In favor of this structure it might be argued that this system in fact works well in contemporary businesses. However, there is no New Testament precedent or support for such a form of church government. It is simply the result of trying to run the church like a modern business, and it sees the pastor not as a spiritual leader, but merely as a paid employee.Grudem, W. A. (1994). Systematic theology : An introduction to biblical doctrine. Leicester, England; Grand Rapids, Mich.: Inter-Varsity Press; Zondervan Pub. House, pg 935.

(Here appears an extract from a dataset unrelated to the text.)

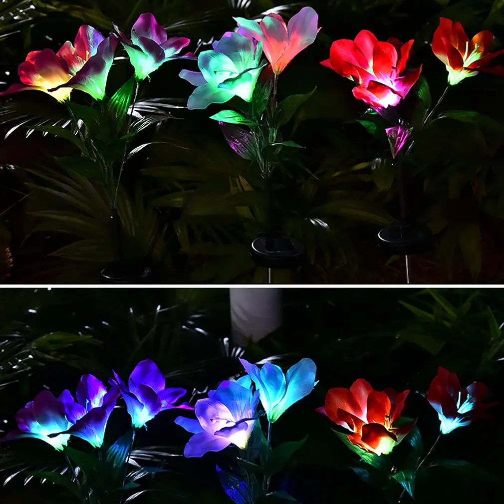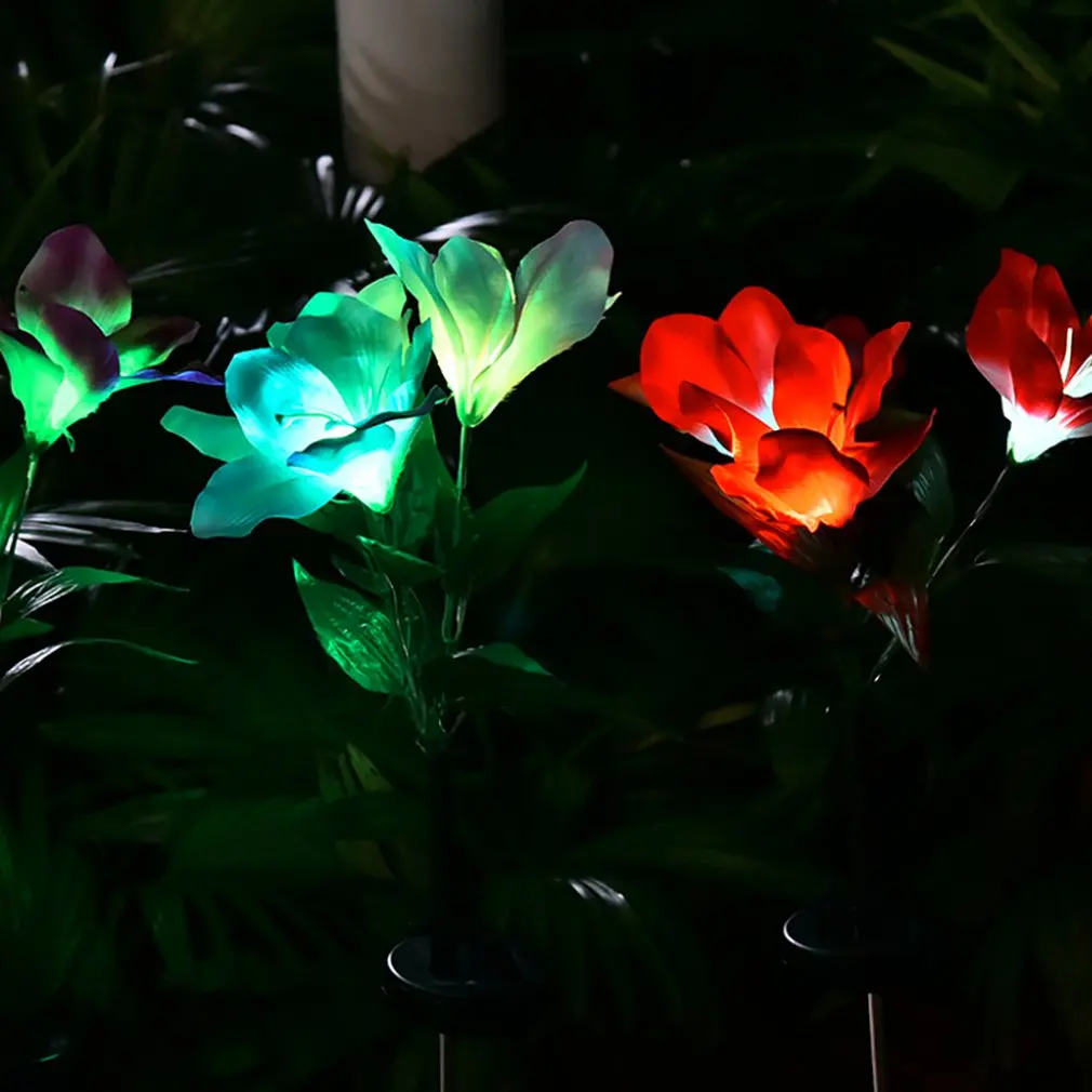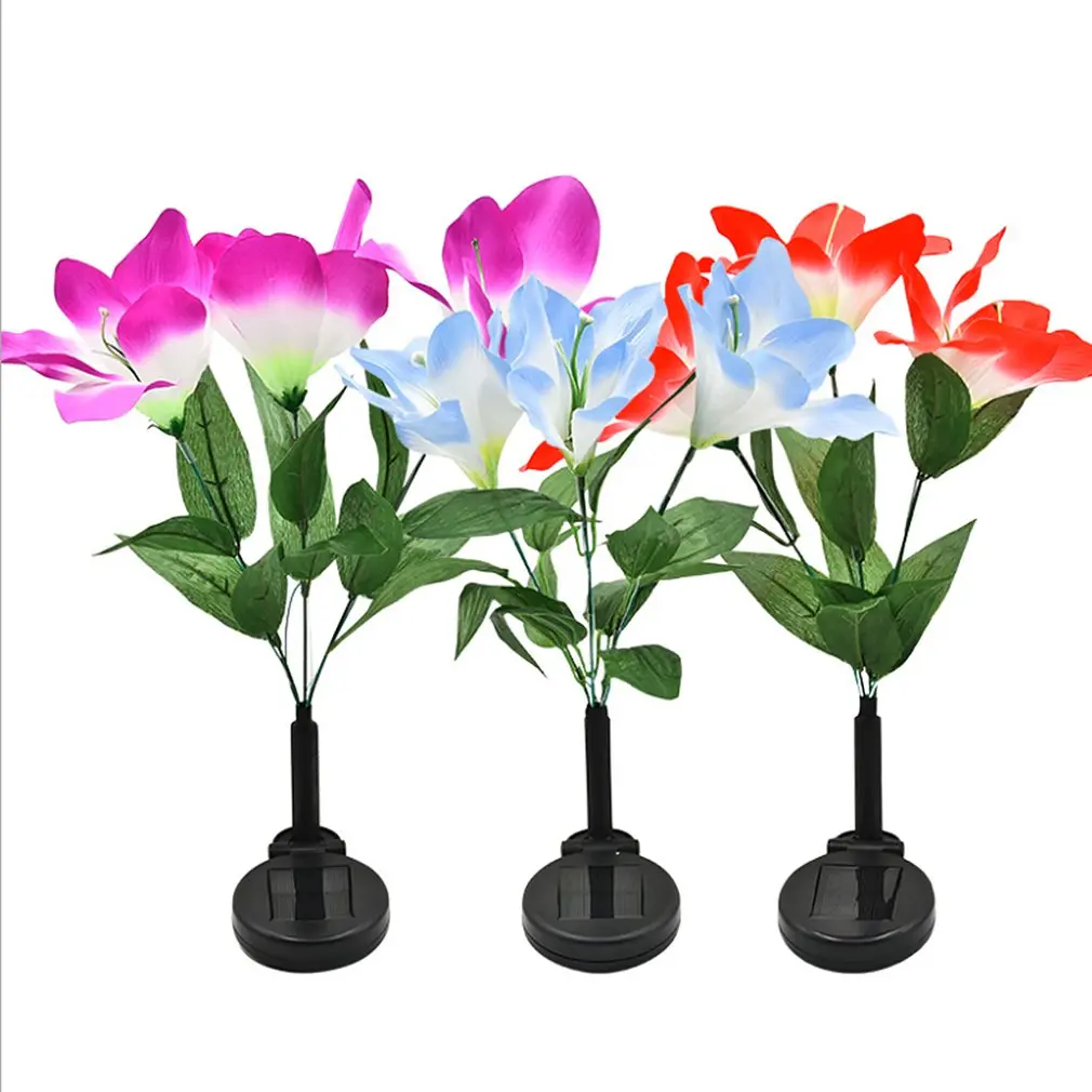 Цветочные огоньки с лилиями из солнечного сада выглядят реалистично ночью и днем.

As I stated in a previous post on guidelines, there is no set biblical structure for doing church. I believe there are many viable environments, different culturally conditioned methods, and a variety of structures through which biblical Elders can lead a church. However, this does not mean all structures are equally helpful in growing a strong Family. So before I offer my critique, let me be clear where I part company with some contemporary Christian writers.
- Churches who use these CEO models are not evil.
- Pastors who minister within this model are not the enemy of the church.
- We should not vilify any pastor who does church with this model nor should we blame them for all the shortcomings of the American church.
- Ones personal dislike of this model is not a reason to leave a church or reject fellowship with people who worship Jesus in these churches.
- The Gospel can, and is, preached without compromise in churches that exist using this structure of ministry.
That being said, I do think that the “Pastor as CEO” model is a cultural adaptation that has, over time, demonstrated some serious weakeners that we, the church, must take seriously and that we must work together to correct. Based on my personal experience, here are a few of the drawbacks I have observed, first hand, in churches that use this structure of church leadership.
- The structure looks less like a Family and more like a company and therefore tends to put the interests of the institution above the interests of the individual.
- The Pastor as CEO model tends to focus on the man at the top instead of the mission for the people.
- This model puts enormous responsibility on one man (typically called the Senior Pastor but the title is of secondary importance) who more often then not gets burned out or burned over.
- This model can isolate and hurt the Senior Pastor who does not have the proper support or accountability from his peers (i.e. brothers in Christ).
From the back cover: “Escape from Church, Inc. calls pastor-leaders away from the business executive model of doing church and back to the model of a caring shepherd who tends his sheep.
Wagner offers a practical and biblically sound view of how pastors can become all God intended them to be and guides them into new vision, new values, and a new way of pastoring that begins not with doing, but with seeing and being. “







Joe,
This is one point that I think we agree with one another completely. Church leaders should be known as servants. When we begin to manage more than we serve, then something is wrong.